Using a interconnected four-part, mixed-methods, multi-frameworks design underpinned by implementation science theory, the research programme will (1) review global kidney genetics clinic models, outcomes, determinants of successful implementation, and implementation strategies; (2) assess local stakeholder perceptions, priorities and contextual determinants using Consolidated Framework for Implementation Research (CFIR)-guided qualitative inquiry; (3) co-design and refine tailored implementation strategies via Consolidated Framework for Implementation Research-Expert Recommendations for Implementing Change (CFIR-ERIC) mapping and hybrid participatory methods; and (4) evaluate the clinic’s service, patients, and implementation outcomes in a prospective effectiveness-implementation hybrid type 2 quasi-experimental interrupted time-series study design.
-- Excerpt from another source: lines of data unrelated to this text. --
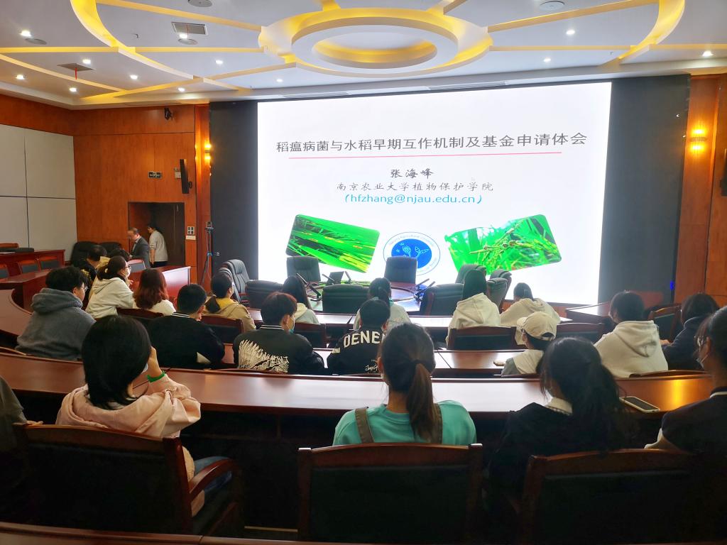 本次活动邀请了南京农业大学张海峰教授和风景园林学院陈佳佳副教授分别就“稻瘟病菌与水稻早期互作机制及基金申请体会”和“从事基础研究转型的探索与思考”进行经验分享与交流。张海峰教授结合自身多年国家自然科学基金项目的申报经验进行详细讲解,重点强调了基金申报是一个系统性、延续性的过程,要重视选题的科学性,将与本项目直接相关的工作基础做牢、做实。陈佳佳副教授从自身的科研工作说起,谈到了基础科研及科研团队的重要性,同时强调在申请书撰写中要重视科研诚信、科研伦理和学术道德,杜绝科研不端行为的发生。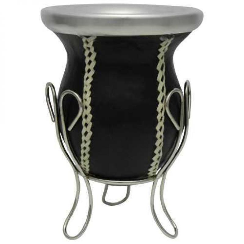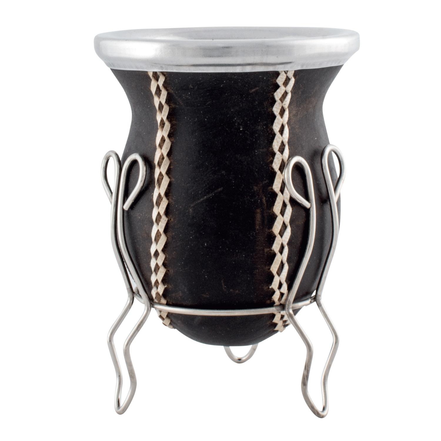 Mate Vuelo De Calabaza Recubierto En Cuero Vaqueta Tejido En Tiento Con Posa De Metal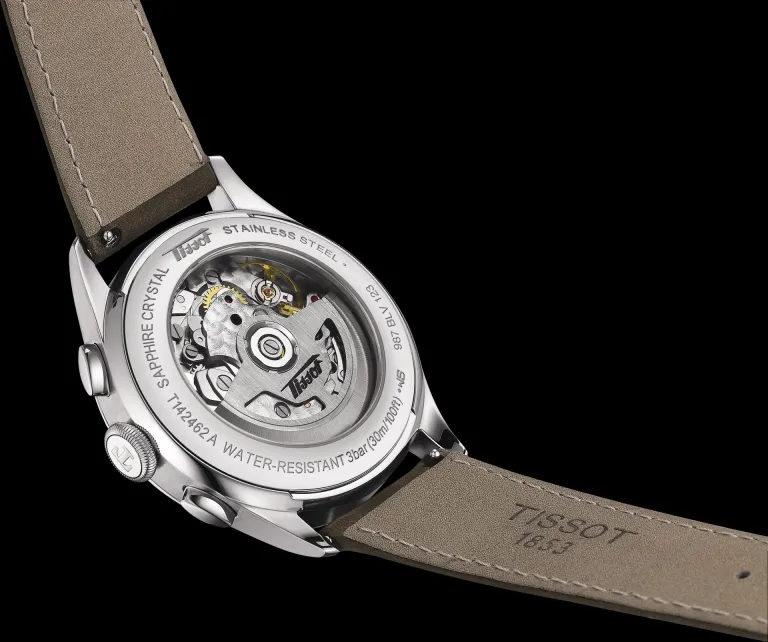 Inside the Telemeter 1938 is the newly upgraded automatic Valjoux A05.231 with a Nivachron™ balance spring, a new ‘Tissot Heritage’ rotor, and 68 hours of power reserve.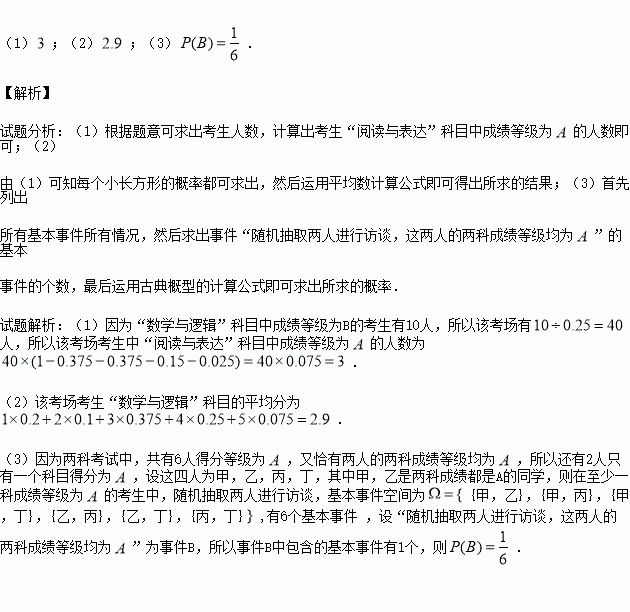 (1)求该考场考生中“阅读与表达”科目中成绩为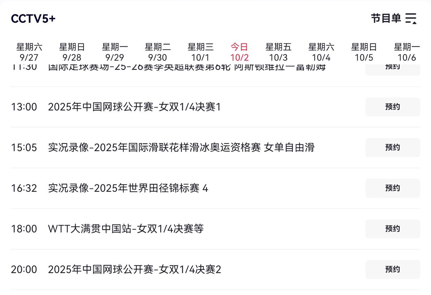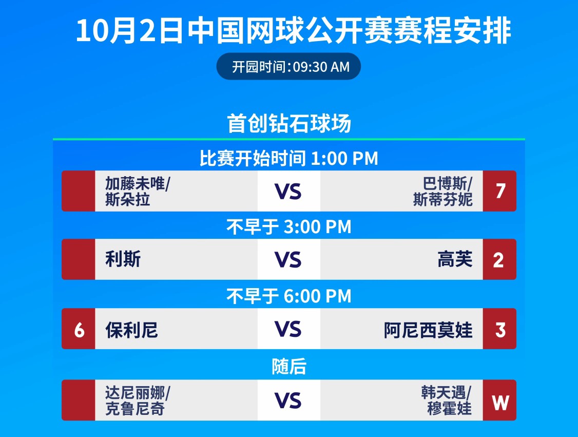 Today's China Open schedule (October 2, 2025) includes players such as Gauff and Paolini, with live broadcasts on CCTV-5.

Outcomes assessed include (1) service outcomes (diagnostic yield, clinical utility, and timeliness of care); (2) patient-reported outcomes (personal utility, patient-reported outcome measures); and (3) Proctor-defined implementation outcomes (acceptability, appropriateness, readiness, feasibility, and fidelity, and penetration). We will measure outcomes longitudinally across pre-implementation, implementation, and post-implementation phases, and analyse data using segmented regression analysis to assess changes in outcomes over time. The Implementation Research Logic Model (IRLM) will guide evaluation and adaptation throughout.

Discussion

This programme is designed to address critical implementation gaps between genomic evidence and clinical practice. Through four sequential studies, the programme will generate standardised kidney genetics clinic models and care pathways, evidence-informed implementation determinants, and context-tailored, co-designed implementation strategies. Taken together, this programme will establish a policy-relevant genetic nephrology care model with improved service, patient-reported, and implementation outcomes for the benefit of patients and families living with genetic kidney disease.